> **Collected material**
+++

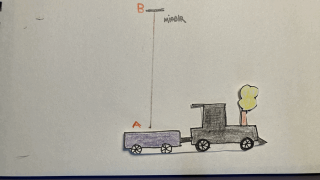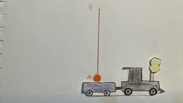 Allons un peu plus loin dans l’étude des référentiels. Le premier « postulat » que nous utiliserons spécifie que « les lois de la physique sont les mêmes pour tous les observateurs se trouvant dans des référentiels inertiels ». En particulier, si je lance une balle vers le haut, peu importe que ce soit sur la terre ferme ou dans un train qui se déplace, cette balle aura une trajectoire verticale. Imaginons donc que je sois dans un train, et que je lance ma balle vers le haut. De mon point de vue, aucune surprise, elle monte et redescend, en parcourant la trajectoire A-B-A. Ainsi, durant la durée définie par son départ et son retour au point A, la balle a parcouru une distance totale égale à deux fois le segment AB dans le référentiel du train.
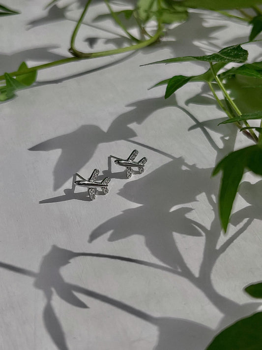 Sidabriniai rodžiuoti lėktuvėliai su cirkoniais
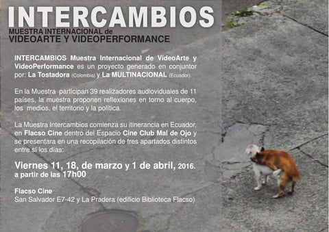 VIDEOARTE Y VIDEOPERFORMANCE INTERCAMBIOS Muestra Internacional de VideoArte y VideoPerformance es un proyecto generado en conjuntor por: La Tostadora (Colombia) y La MULTINACIONAL (Ecuador). En la Muestra participan 39 realizadores audioviduales de 11 países, la muestra proponen reflexiones en torno al cuerpo, los medios, el territorio y la política. La Muestra Intercambios comienza su itinerancia en Ecuador, en Flacso Cine dentro del Espacio Cine Club Mal de Ojo y se presentara en una recopilación de tres apartados distintos entre sí los días:
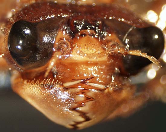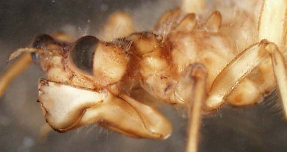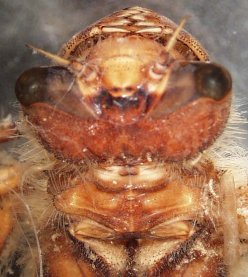 Identifying feature(s): large uneven teeth on margin of scoop-shaped labium; no horn on front of head

+++

> **Work request**
The expected output is an exact copy of the lines from the one holding "Sidabriniai rodžiuoti lėktuvėliai" through the last line of the listing above, with the pictures omitted.

> **Response**
 Sidabriniai rodžiuoti lėktuvėliai su cirkoniais
 VIDEOARTE Y VIDEOPERFORMANCE INTERCAMBIOS Muestra Internacional de VideoArte y VideoPerformance es un proyecto generado en conjuntor por: La Tostadora (Colombia) y La MULTINACIONAL (Ecuador). En la Muestra participan 39 realizadores audioviduales de 11 países, la muestra proponen reflexiones en torno al cuerpo, los medios, el territorio y la política. La Muestra Intercambios comienza su itinerancia en Ecuador, en Flacso Cine dentro del Espacio Cine Club Mal de Ojo y se presentara en una recopilación de tres apartados distintos entre sí los días:
 Identifying feature(s): large uneven teeth on margin of scoop-shaped labium; no horn on front of head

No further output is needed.